Reputation: 13
I am new to pytorch, have started coding from one month. this is my gru code
hidden_size = 32
gru_layers_count = 2
encoder = nn.GRU(hidden_size,
hidden_size,
num_layers = gru_layers_count,
batch_first = True, bidirectional=True)
ip = torch.randn(64, 100, hidden_size)
op, hn = encoder(ip)
print(op.shape, hn.shape)
the output is:
torch.Size([64, 100, 64]) torch.Size([4, 64, 32])
here I am actually concerned with the shape of hn
, its start dimension size is 4 so I am assuming it is 2 gru * 2 directions.
however I am a little confused on the arrangement.
So my question is, is it like first 2 are forward and last 2 backward hidden states. or it is alternate forward and backward hidden states ?
is the following is the correct method to extract only forward gru states ?

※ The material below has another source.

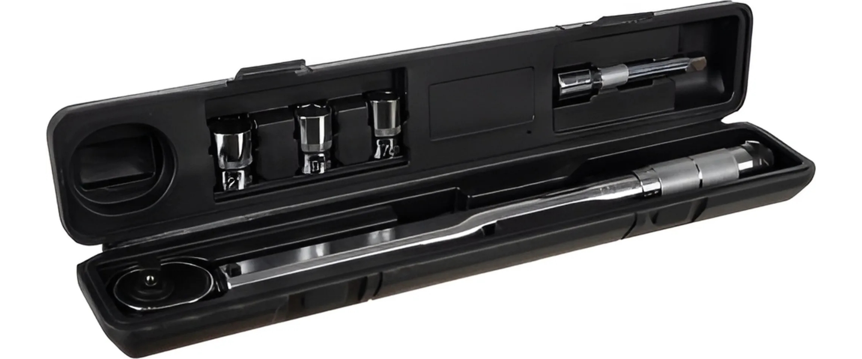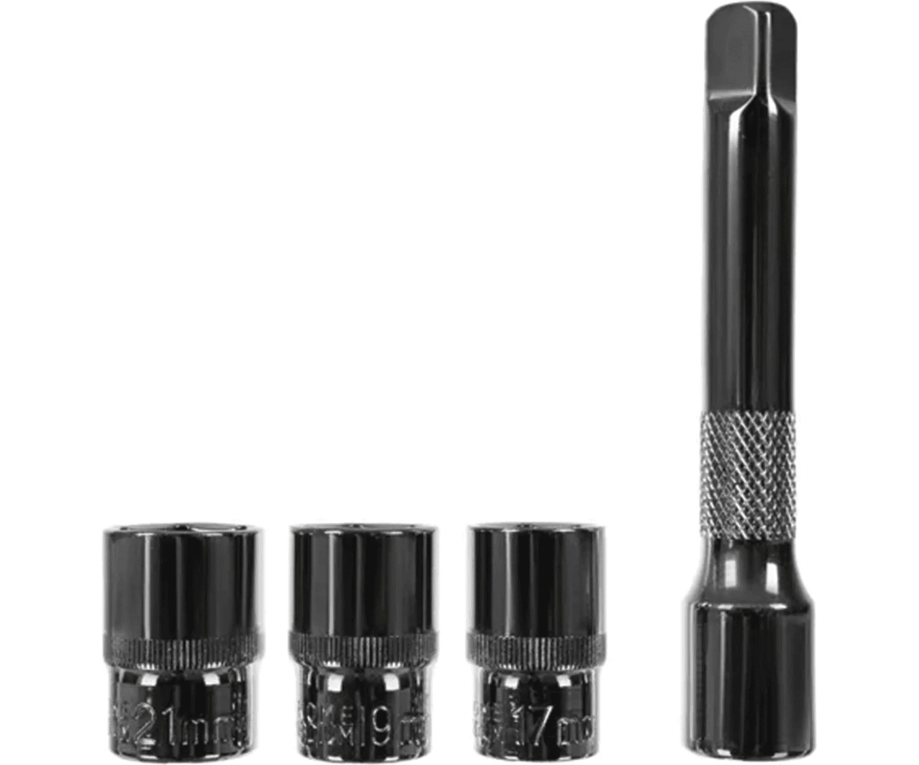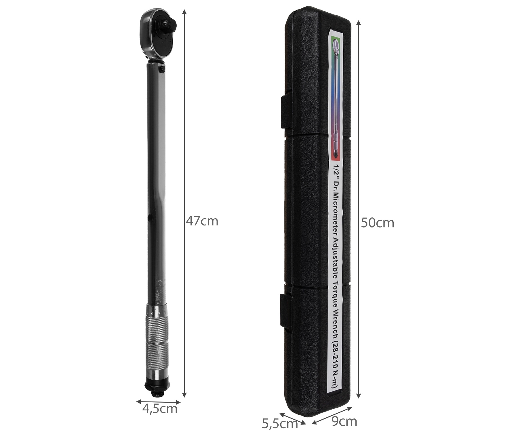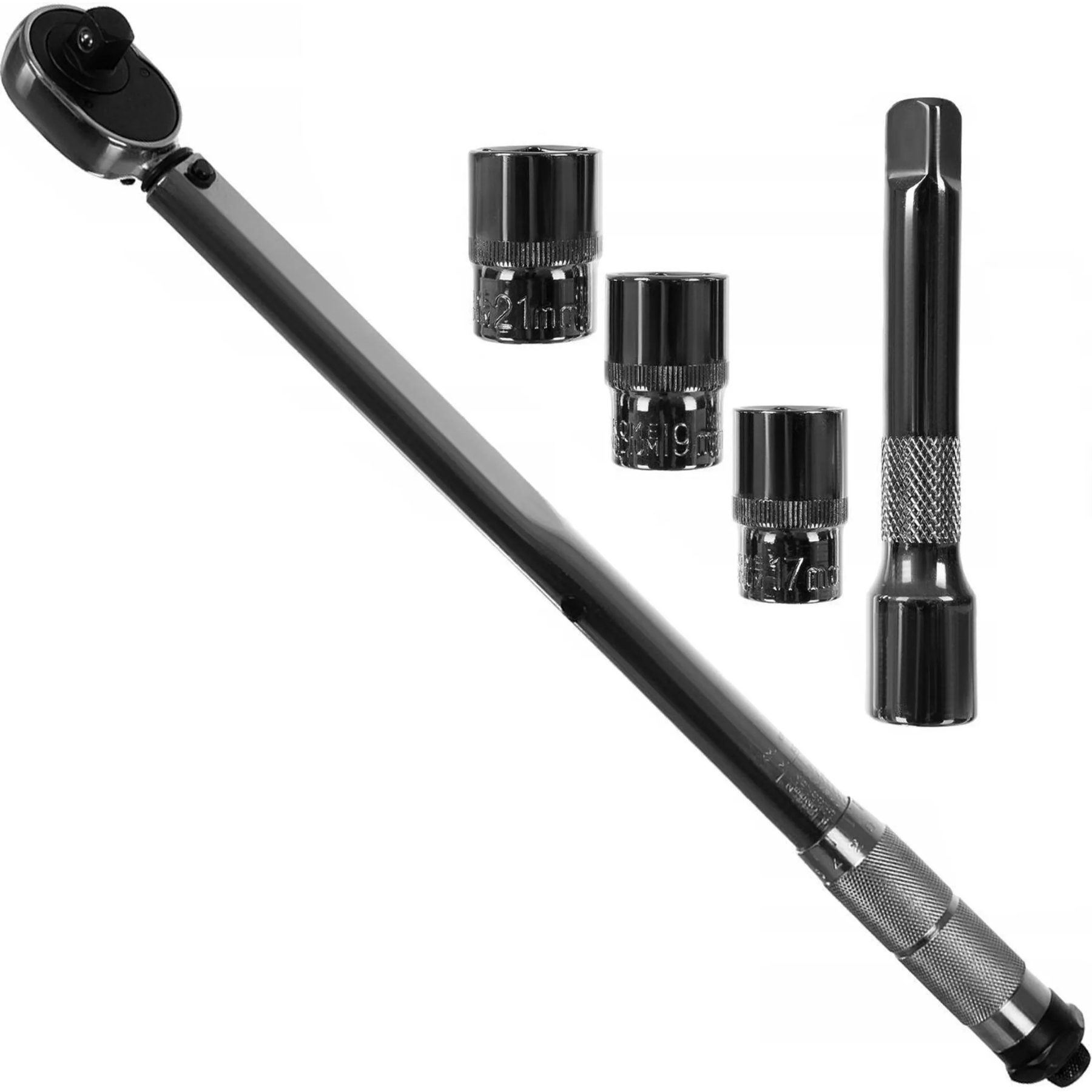 Size: 1/2 " ; Torque: 28 ... 210 Nm ; Length: 470 mm ; The kit includes: sockets : 17, 19, 21 mm ; 1/2 " horizontal extension : 125 mm ; Case ;

forward_hidden = hn[[x for x in range(0, gru_layers_count * 2, 2)], :, :]
Upvotes: 1
Views: 24
Reputation: 5508
The shape of the hidden state is (D*num_layers, N, H_out)
where D=2
for bidirectional.
The hidden state tensor alternates forward/backward for each layer. The documentation isn't super clear, but this is what they mean by For bidirectional GRUs, forward and backward are directions 0 and 1 respectively
.
You can separate the forward/backward states as follows:
hidden_size = 32
gru_layers_count = 2
encoder = nn.GRU(hidden_size,
hidden_size,
num_layers = gru_layers_count,
batch_first = True, bidirectional=True)
ip = torch.randn(64, 100, hidden_size)
op, hn = encoder(ip)
forward_states = hn[0::2]
backward_states = hn[1::2]
Upvotes: 0